| What you are asked to do |
In the material below, find the line with "十干が単一の陰陽五行からでき" and the line with "Caricabatterie Dual Volt", then output both and every line between them exactly, omitting pictures.

| Exercise material |
================================

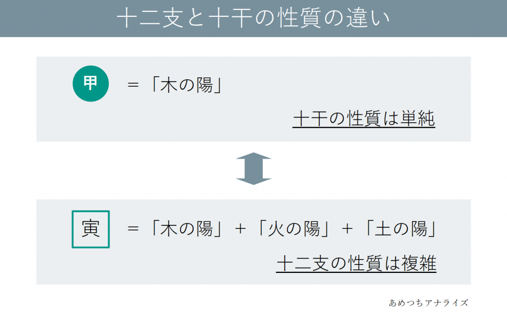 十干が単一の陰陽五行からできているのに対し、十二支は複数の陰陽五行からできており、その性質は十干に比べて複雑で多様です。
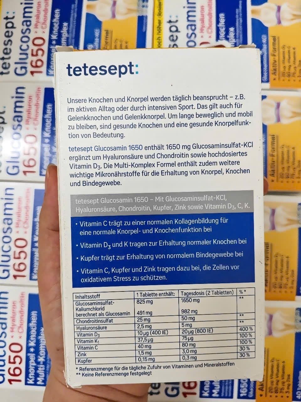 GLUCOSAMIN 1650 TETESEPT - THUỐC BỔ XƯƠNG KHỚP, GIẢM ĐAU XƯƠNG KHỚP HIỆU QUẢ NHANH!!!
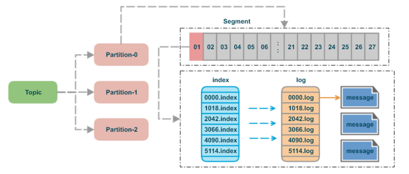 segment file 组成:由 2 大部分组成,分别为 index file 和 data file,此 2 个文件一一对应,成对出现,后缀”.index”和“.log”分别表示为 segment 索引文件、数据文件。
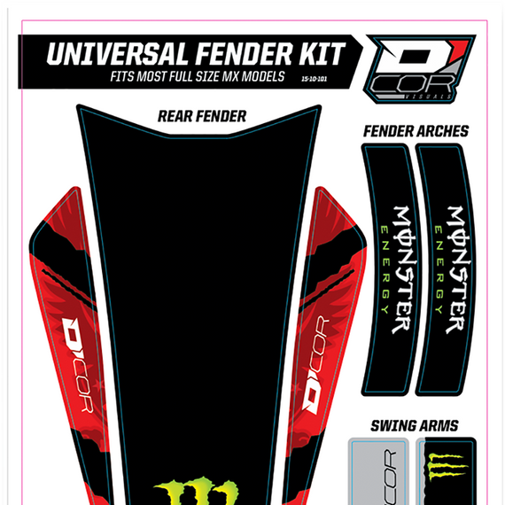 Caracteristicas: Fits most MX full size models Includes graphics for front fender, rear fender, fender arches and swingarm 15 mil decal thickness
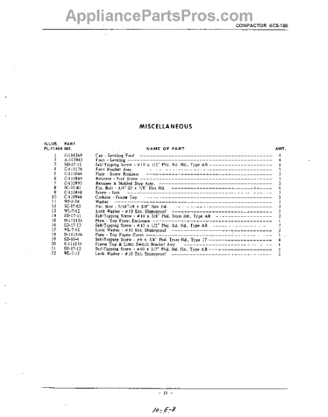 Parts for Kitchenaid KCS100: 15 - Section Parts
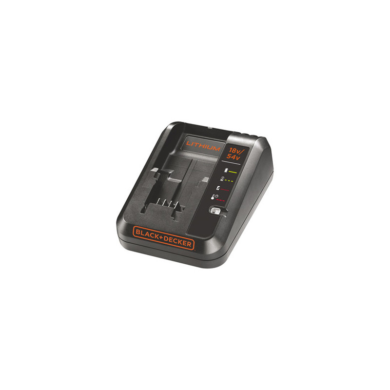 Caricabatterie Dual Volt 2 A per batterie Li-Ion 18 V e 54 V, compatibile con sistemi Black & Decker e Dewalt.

================================

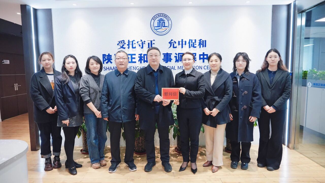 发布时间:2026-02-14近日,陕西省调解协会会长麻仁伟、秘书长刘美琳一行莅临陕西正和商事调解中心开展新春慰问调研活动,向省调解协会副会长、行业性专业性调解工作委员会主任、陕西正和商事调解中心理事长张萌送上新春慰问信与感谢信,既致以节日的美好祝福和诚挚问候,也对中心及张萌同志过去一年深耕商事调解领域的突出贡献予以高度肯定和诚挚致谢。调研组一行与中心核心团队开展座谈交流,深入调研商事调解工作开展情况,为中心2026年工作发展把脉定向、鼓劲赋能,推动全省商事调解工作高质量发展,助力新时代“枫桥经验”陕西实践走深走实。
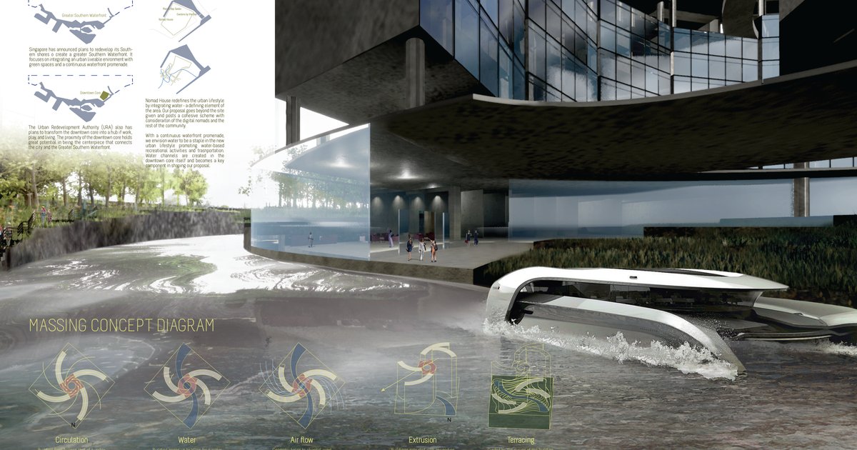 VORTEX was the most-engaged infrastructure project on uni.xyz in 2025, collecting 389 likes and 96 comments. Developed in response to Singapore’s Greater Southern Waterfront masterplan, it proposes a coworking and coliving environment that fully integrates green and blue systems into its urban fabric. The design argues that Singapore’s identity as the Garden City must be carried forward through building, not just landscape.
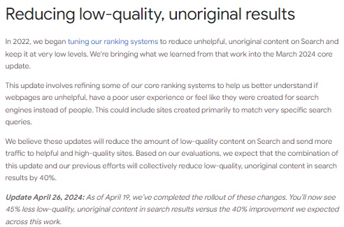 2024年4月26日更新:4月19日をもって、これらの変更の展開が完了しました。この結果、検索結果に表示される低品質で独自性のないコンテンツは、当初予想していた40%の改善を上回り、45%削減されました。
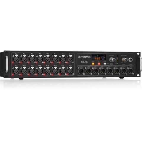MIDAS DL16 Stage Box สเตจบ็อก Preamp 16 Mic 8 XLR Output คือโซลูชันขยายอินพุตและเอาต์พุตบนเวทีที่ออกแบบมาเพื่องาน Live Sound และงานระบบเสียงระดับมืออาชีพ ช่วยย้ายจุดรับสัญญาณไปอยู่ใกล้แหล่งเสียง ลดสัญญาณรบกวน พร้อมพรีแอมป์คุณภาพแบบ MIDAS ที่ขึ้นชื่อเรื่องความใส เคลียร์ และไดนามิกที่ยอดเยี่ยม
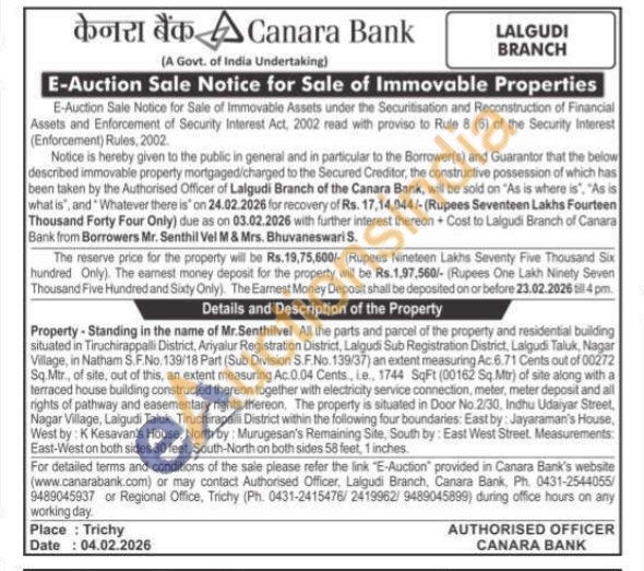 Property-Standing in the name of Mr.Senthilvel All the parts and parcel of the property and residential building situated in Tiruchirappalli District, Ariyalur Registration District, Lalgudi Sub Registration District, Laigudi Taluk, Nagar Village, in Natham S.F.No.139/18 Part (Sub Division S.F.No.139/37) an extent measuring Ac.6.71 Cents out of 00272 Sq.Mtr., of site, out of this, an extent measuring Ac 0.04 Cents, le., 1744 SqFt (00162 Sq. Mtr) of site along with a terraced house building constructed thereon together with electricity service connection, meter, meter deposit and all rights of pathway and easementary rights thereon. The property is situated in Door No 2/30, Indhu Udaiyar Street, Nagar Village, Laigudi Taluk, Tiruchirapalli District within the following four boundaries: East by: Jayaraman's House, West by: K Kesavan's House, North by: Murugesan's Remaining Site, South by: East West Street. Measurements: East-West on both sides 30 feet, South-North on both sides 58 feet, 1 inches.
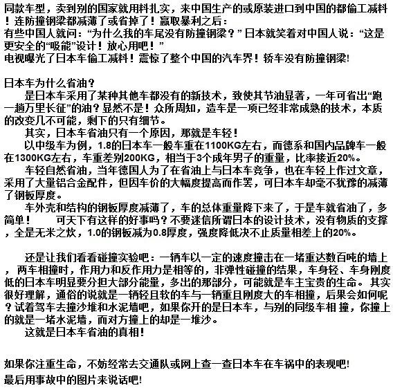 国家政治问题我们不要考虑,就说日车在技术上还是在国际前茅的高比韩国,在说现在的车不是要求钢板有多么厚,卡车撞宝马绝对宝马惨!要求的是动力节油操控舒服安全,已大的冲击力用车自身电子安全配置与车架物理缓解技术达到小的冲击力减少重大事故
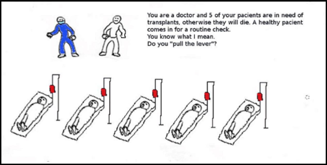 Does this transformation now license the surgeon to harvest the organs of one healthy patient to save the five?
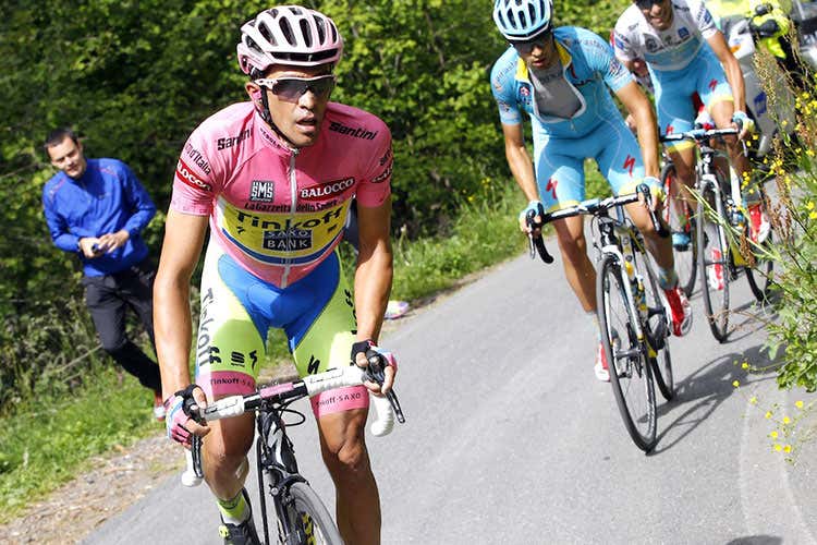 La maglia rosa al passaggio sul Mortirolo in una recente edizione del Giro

================================

| Solution to the problem |
 十干が単一の陰陽五行からできているのに対し、十二支は複数の陰陽五行からできており、その性質は十干に比べて複雑で多様です。
 GLUCOSAMIN 1650 TETESEPT - THUỐC BỔ XƯƠNG KHỚP, GIẢM ĐAU XƯƠNG KHỚP HIỆU QUẢ NHANH!!!
 segment file 组成:由 2 大部分组成,分别为 index file 和 data file,此 2 个文件一一对应,成对出现,后缀”.index”和“.log”分别表示为 segment 索引文件、数据文件。
 Caracteristicas: Fits most MX full size models Includes graphics for front fender, rear fender, fender arches and swingarm 15 mil decal thickness
 Parts for Kitchenaid KCS100: 15 - Section Parts
 Caricabatterie Dual Volt 2 A per batterie Li-Ion 18 V e 54 V, compatibile con sistemi Black & Decker e Dewalt.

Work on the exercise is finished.